The DeepSynBa model outperforms the state-of-the-art methods in the dose-response matrix prediction task across multiple evaluation scenarios, including testing on novel drug combinations, cell lines, and drugs, across nine different tissue types. The model yields reliable synergy score predictions and can predict drug combination responses across different dosages for untested combinations. The intermediate dose-response parameter layer allows for separating efficacy from potency, which informs the selection of dosage ranges that optimise efficacy while limiting off-target toxicity in experimental screens. The predictive capability and the downstream actionability make DeepSynBa a powerful tool for advancing drug combination research beyond the limitations of the current approaches. Table 1 shows the performance comparison of DeepSynBa with the state-of-the-art methods on the NCI-ALMANAC dataset. The results demonstrate that DeepSynBa outperforms the existing methods in predicting the dose-response matrix and synergy scores across multiple evaluation scenarios. The model achieves superior performance in terms of the root mean squared error (RMSE), Pearson and Spearman correlation coefficients for the dose-response matrix prediction task and the synergy score prediction task. The results indicate that DeepSynBa can accurately predict the effects of drug combinations on cell lines and provide actionable insights for drug combination research.
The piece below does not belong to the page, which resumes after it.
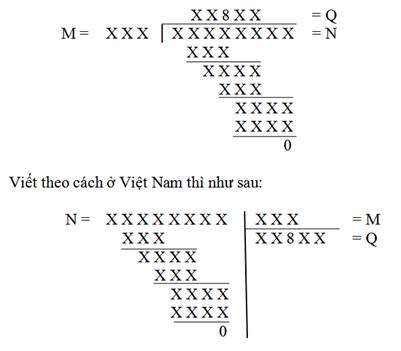 XXXXXXXX là số phải chia N, XXX là số chia M và XX8XX là thương số Q.

Table 1: Performance comparison of DeepSynBa with the state-of-the-art methods on the NCI-ALMANAC dataset

New Drug CombinationNew Cell LineNew Drug
RMSE Pearson Spearman
comboFM 12.76 0.87 0.68
comboLTR 16.11 0.78 0.64
DeepSynBa 7.72 0.95 0.82
RMSE Pearson Spearman
comboFM 12.86 0.87 0.69
comboLTR 15.23 0.81 0.67
DeepSynBa 7.71 0.95 0.82
RMSE Pearson Spearman
comboFM 42.39 0.35 0.24
comboLTR 40.22 0.40 0.40
DeepSynBa 18.69 0.71 0.64

References

  • [Ross et al., 2022] Ross, Jerret, et al. "Large-scale chemical language representations capture molecular structure and properties." Nature Machine Intelligence 4.12 (2022): 1256-1264.
  • [Zhang et al., 2023] Zhang, Haoting, et al. "SynBa: improved estimation of drug combination synergies with uncertainty quantification." Bioinformatics 39.Supplement_1 (2023): i121-i130.